**PROBLEM DESCRIPTION:** Starting at the line that contains "ประกอบไปด้วยคุณค่าทางสารอาหารที่เด่น ๆ ได้แก่", retype each line to the end of the listing below. Include both ends, but not the pictures.

**DATA FOR THIS EXERCISE:**

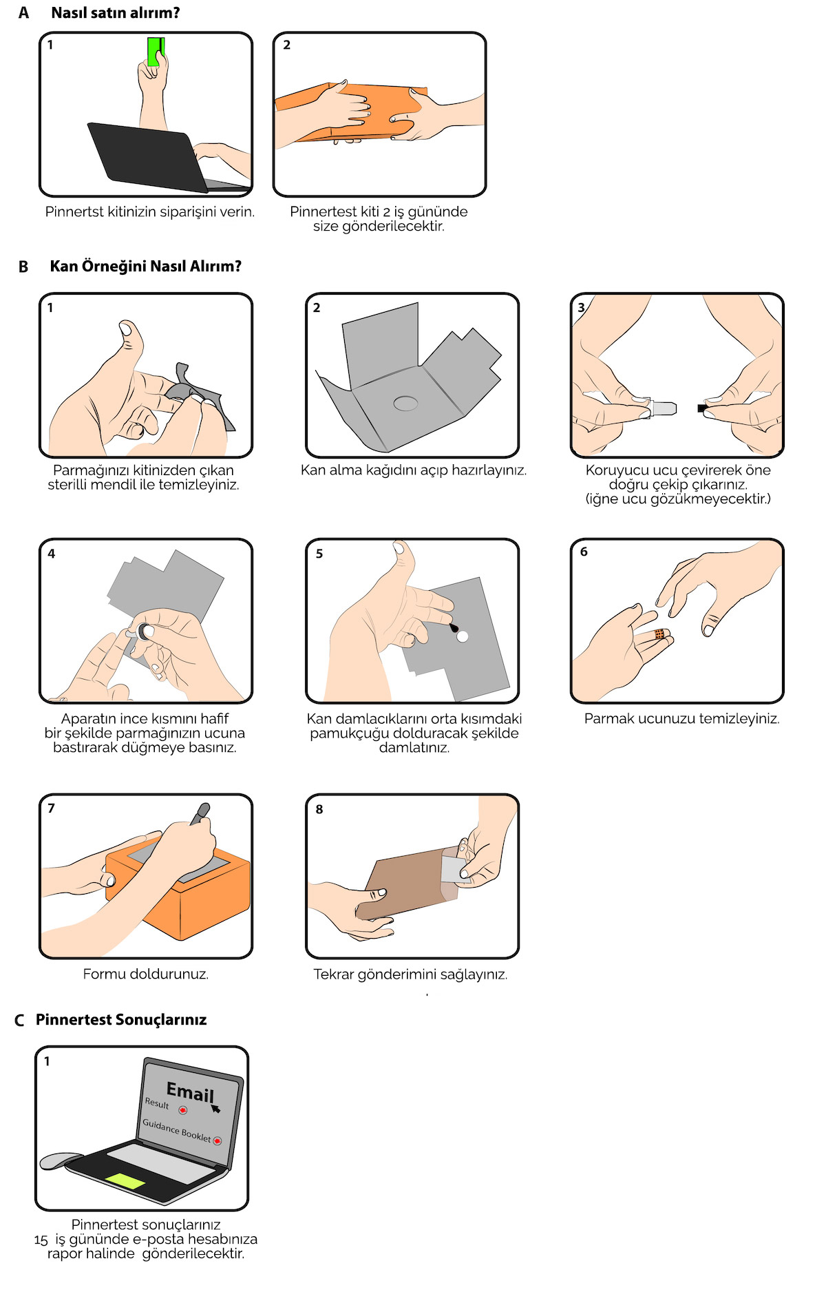 Pinnertest kullanımı ve anlaşılması kolay bir testtir. Sipariş ettikten test kitinizi anında göndeririz. Test kitini aldıktan sonra, kullanıcı dostu kılavuzu okuyarak parmağınızın ucundan kan örneği alarak testi yapabilirsiniz. Aldığınız örneği laboratuvarımıza karşı ödemeli olarak gönderdikten sonraki 15 gün içerisinde e-mail aracılığıyla test sonuçlarınızı elde edeceksiniz.
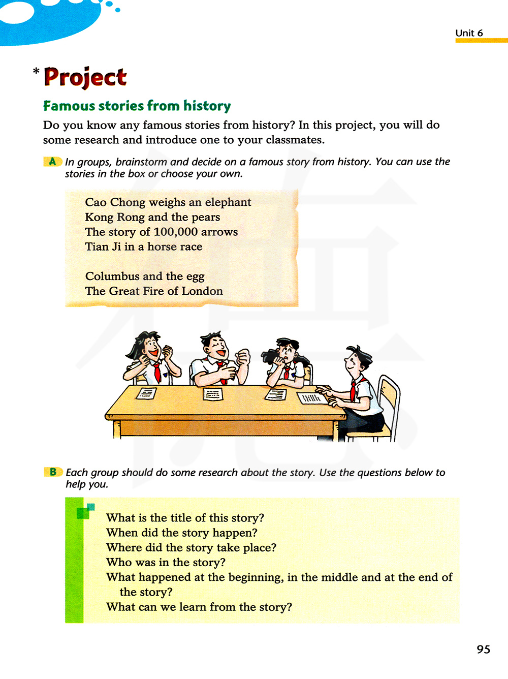 你知道一些历史上著名的故事吗?在这个课题里,你将会做一些调查,并把其中的一个介绍给你的同学。小组进行练习,集体讨论,并决定一个历史上著名的故事。你可以使用方框里的故事或者选择一个你自己知道的。
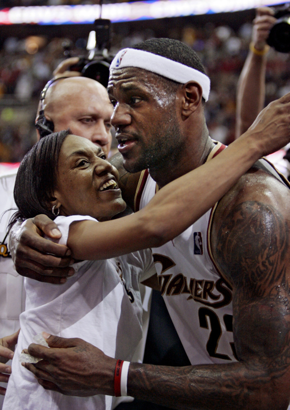 NBA球星勒布朗·詹姆斯与母亲Gloria James
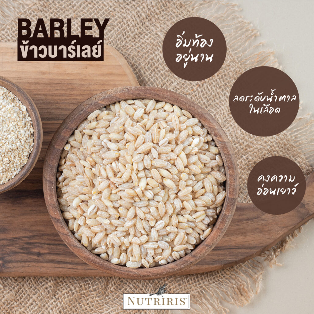 เมล็ดคล้ายลูกเดือย แต่ลักษณะเมล็ดมีความเล็กและเรียวกว่า ประกอบไปด้วยคุณค่าทางสารอาหารที่เด่น ๆ ได้แก่ ไฟเบอร์สูง โปรตีนสูง สารต้านอนุมูลอิสระและมีแคลอรีต่ำ ข้าวบาร์เลย์จึงเป็นธัญพืชที่คนรักสุขภาพนิยมทาน มีประโยชน์ เหมาะกับการรับประทานอย่างเป็นประจำ
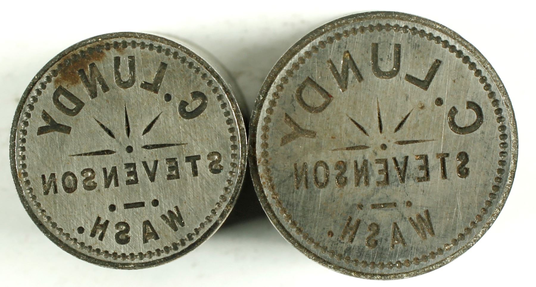2 token dies self identified from Stevenson, WA. 21mm: C Lundy. 24mm: C Lundy. Northwest Territorial Historical Die Collection.
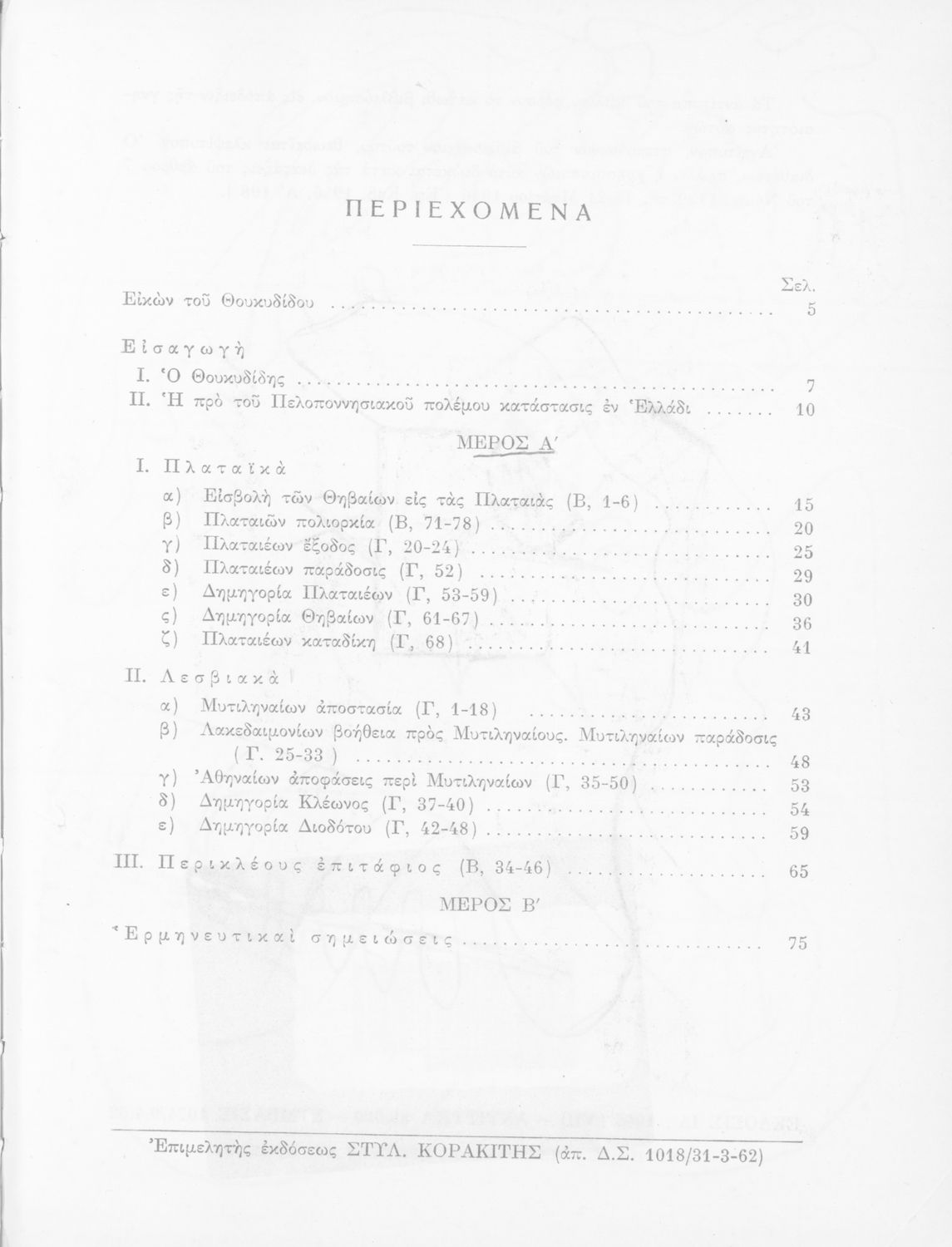 Σχολικό εγχειρίδιο Αρχαίων Ελληνικών για τις Δ΄, Ε΄ και ΣΤ΄ Γυμνασίου παλαιού τύπου που περιλαμβάνει σύντομο βιογραφικό σημείωμα του Θουκυδίδη, περιγραφή του ιστορικού πλαισίου, αποσπάσματα από τα Πλαταϊκά, τα

**ANSWER TO THIS TASK:**
 เมล็ดคล้ายลูกเดือย แต่ลักษณะเมล็ดมีความเล็กและเรียวกว่า ประกอบไปด้วยคุณค่าทางสารอาหารที่เด่น ๆ ได้แก่ ไฟเบอร์สูง โปรตีนสูง สารต้านอนุมูลอิสระและมีแคลอรีต่ำ ข้าวบาร์เลย์จึงเป็นธัญพืชที่คนรักสุขภาพนิยมทาน มีประโยชน์ เหมาะกับการรับประทานอย่างเป็นประจำ
2 token dies self identified from Stevenson, WA. 21mm: C Lundy. 24mm: C Lundy. Northwest Territorial Historical Die Collection.
 Σχολικό εγχειρίδιο Αρχαίων Ελληνικών για τις Δ΄, Ε΄ και ΣΤ΄ Γυμνασίου παλαιού τύπου που περιλαμβάνει σύντομο βιογραφικό σημείωμα του Θουκυδίδη, περιγραφή του ιστορικού πλαισίου, αποσπάσματα από τα Πλαταϊκά, τα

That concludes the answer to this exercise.